A todo vapor por Argentina rumbo a Ushuaia
La remota ciudad creció alrededor de su cárcel, activa entre 1902 y 1947, hoy convertida en museo. De su puerto zarpan la mayoría de los cruceros que llegan a la Antártida. Y su Tren del Fin del Mundo evoca grandes aventuras en los confines australes
Nos encontramos a bordo del Tren del Fin del Mundo, la vía férrea más austral del planeta. Alrededor, el humo de la pequeña locomotora de vapor se mezcla con las nubes que envuelven los últimos estertores de la cordillera de los Andes y con el aguanieve que cae sobre los milenarios bosques de lengas y sobre los arroyos de deshielo. Estamos en Ushuaia, más precisamente en la entrada del parque nacional argentino de Tierra del Fuego, y el convoy en el que viajamos fue conocido en otra época como el tren de los presos. Con el fin de afirmar la soberanía sobre la región, sobre finales del siglo XIX el Gobierno argentino decidió instalar un presidio que estuvo activo de 1902 a 1947 en estas remotas latitudes como una manera de poblar el lugar. La idea era levantarlo junto al fuerte Ushuaia, erigido en 1884 como la primera representación del Estado argentino en la zona. El tren, por entonces, era utilizado por los presos para traer la piedra necesaria para la construcción de la cárcel y la madera para alimentar sus estufas. Completamente renovado, ahora sirve a fines turísticos y rememora aquel nacimiento de la ciudad como colonia penitenciaria.

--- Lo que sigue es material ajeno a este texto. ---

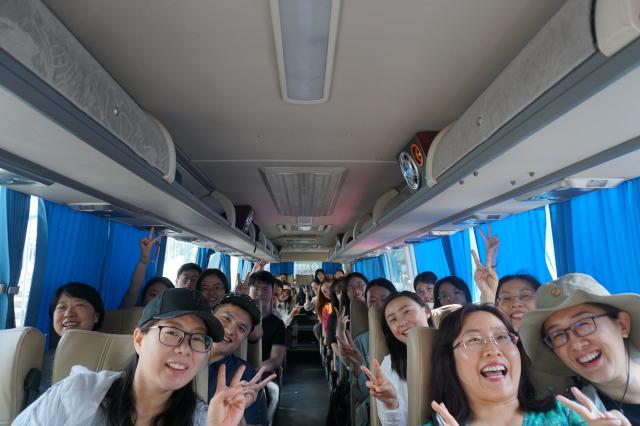 清晨八时,大巴车准时出发,前往2019年北京世界园艺博览会所在地延庆。大巴上,李瑛淑老师首先说明了举办本次支部活动的目的和意义,并对相关筹备人员表示衷心的感谢。其次,李瑛淑老师介绍了教师行政党支部的两位新成员,分别是MBA中心孟嘉老师和负责学院校友工作的李阿妮老师,两位老师作为新鲜血液加入到支部中,一定能为教师行政支部这个大家庭带来新的活力。

Ushuaia —bahía del fondo o bahía profunda, en lengua yagán— es hoy un importante puerto de mercancías, además del mayor nodo industrial y turístico de la zona, del que salen, por ejemplo, la mayoría de los cruceros que visitan la Antártida. Las excursiones a caballo o en barca se combinan con los trekkings por las montañas y los glaciares, y con el avistamiento de ballenas, lobos marinos y pingüinos que pueblan el canal de Beagle. Con una población estable de más de 70.000 habitantes, ha sido considerada desde siempre como la ciudad más austral del mundo, título que, con unos 2.000 habitantes, le disputa hoy la localidad chilena de Puerto Williams.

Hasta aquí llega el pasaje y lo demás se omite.